PROBLEM DESCRIPTION: Exact reproduction of the data is required, with images excluded.

DATASET EXTRACT:
☆ ☆ ☆ ☆ ☆

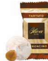
cod. TA/030 TARTUFO TORRONCINO Nougat Truffle 17g
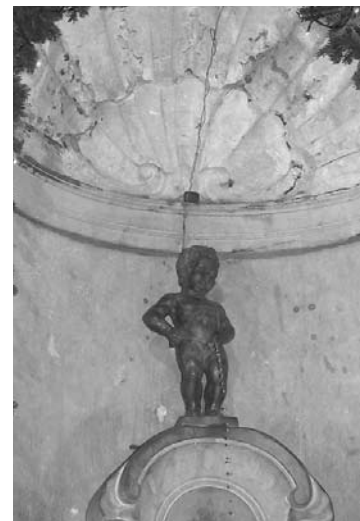
Briseles simbols „Čurājošais puisītis”

Greznajā, tikko atrestaurētajā, divu svēto Briseles patronu Sv. Miķeļa un Sv. Gudulas vārdā nosauktajā katedrālē,
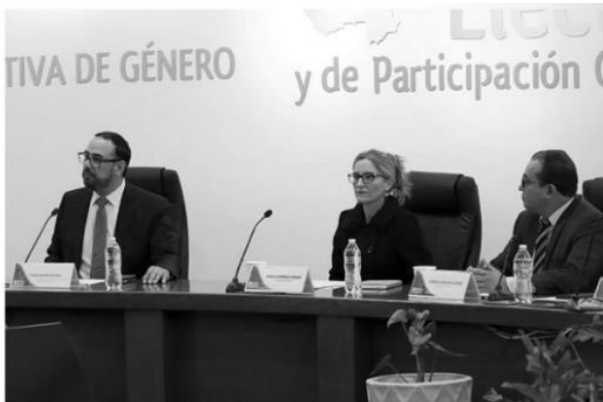
· Se evidenció que se operó desde varios puntos para un fraude electoral

☆ ☆ ☆ ☆ ☆

SOLUTION TO THIS TASK:
cod. TA/030 TARTUFO TORRONCINO Nougat Truffle 17g
Briseles simbols „Čurājošais puisītis”

Greznajā, tikko atrestaurētajā, divu svēto Briseles patronu Sv. Miķeļa un Sv. Gudulas vārdā nosauktajā katedrālē,
· Se evidenció que se operó desde varios puntos para un fraude electoral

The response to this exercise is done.